Wallenbergs change direction

It is not difficult to annoy Jacob Wallenberg.

Simply insinuate that Investor, the family holding company he chairs, is more interested in maintaining its own power than generating returns for its shareholders and the full force of five generations of Wallenberg heritage expresses itself in an unblinking and penetrating blue-eyed stare.

“Some say that Investor is a way for the Wallenberg family to collect companies,” he says icily. “That is not the case.”

But like it or not, the question of returns goes to the core of a growing debate about changes to the investment strategy of Sweden’s most powerful industrial dynasty, whose interests include stakes in the country’s biggest and most internationalised blue chips.

This discussion has been fuelled by an active 12 months during which Investor either sold, delisted, restructured or re-capitalised some of its holdings and fought off a hostile bid by MAN, the German truck maker, for Swedish rival Scania.

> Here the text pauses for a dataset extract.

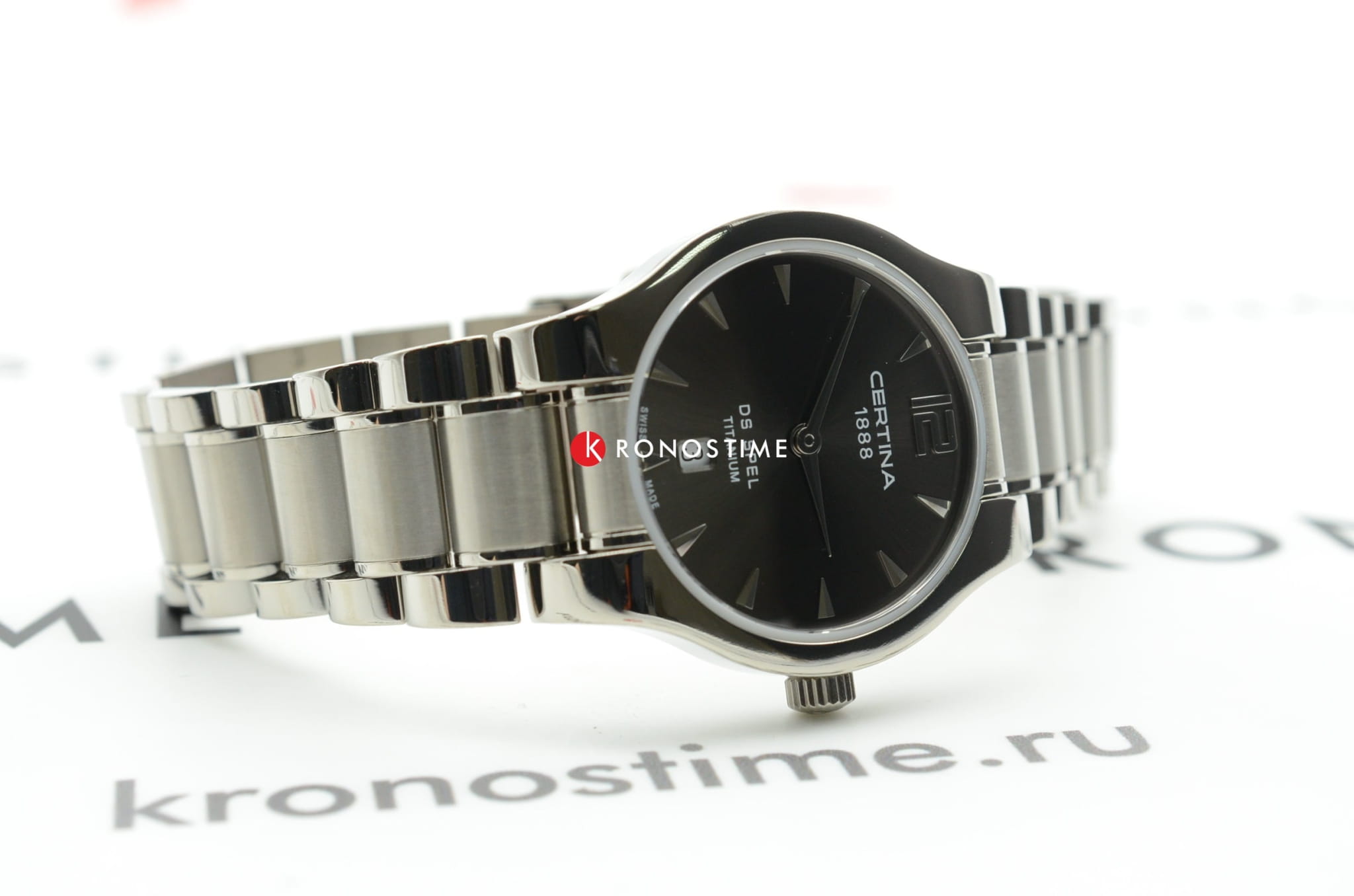 С виду женственная модель внутри – крепкий орешек. Корпус с концепцией DSDS ConceptDouble Security Concept, обозначает двойную надёжность и безупречную точность часов Certina. Двойная система защиты подразумевает обеспечение максимальной устойчивости к ударам и высоких показателей водонепроницаемости. выполнен из прочного гипоаллергенного титана. Антрацитовый циферблат защищён сапфировым стеклом, устойчивым к царапинам. Водозащита WR 100. Отображение числа.

The impression created by this intense activity is that Investor is moving away from being a passive holding company of Swedish blue chips and becoming more actively engaged in managing its portfolio.

This impression has been enhanced with the arrival at the end of 2005 of Börje Ekholm as its chief executive, armed with a track record of running private equity investments and venture capital for Investor in New York.

It is not something Mr Ekholm disavows. “We are increasing our activity level by making sure each company has a clear value creation plan in place,” he says.

Mr Wallenberg insists these changes are not new but started in 1994 with the creation of EQT, Investor’s private equity arm, and that last year’s activity forms part of a longer-term plan.

But the fact remains that Investor is midway through a fundamental shift in the structure of its investment portfolio, primarily through an increase in its private equity and venture capital investments in mainly unlisted companies. Mr Ekholm says he is aiming for these investments to double to up to 25 per cent of Investor’s total assets within three to five years, up from just 4 per cent in 1999 and about 13 per cent now.

The combination of an active 12 months, Mr Ekholm’s hands-on style and the proposed increase in its exposure to higher-risk, better-performing investments, has triggered a shift in investors’ attitude towards Investor.

The number of foreign investors on its shareholder register, for example, has increased from 20 per cent to 27 per cent last year.

Furthermore, the Investor “discount” – the degree to which Investor’s market value trades at a discount to the combined market value of its holdings – is narrowing. It fell to less than 20 per cent at the end of last year, having peaked at 40 per cent in 2002.

In the past, institutional investors were wary of Investor because it held minority stakes in its blue-chip companies but controlled a much bigger share of the voting rights through special shares. It was feared the Wallenberg family could use its voting shares to protect its own interests.

However, its growing use of private equity and venture capital investments has now created what Mr Wallenberg calls a stronger reason to buy Investor shares. He says Investor has also narrowed the gap between its share of the capital and its share of the votes in most of its core holdings.

With this shift in its investment strategy under way, Mr Ekholm admits the company is actively looking for new investments and that these are likely to be in unlisted companies.

Investor is more actively managing its core investments and will, over the next five years, more than double its exposure to better performing investments.

Armed with this strategy, Mr Wallenberg offers a pugnacious defence against the company’s critics. “If you like it, there it is. If you don’t, you have plenty of other alternatives,” he says.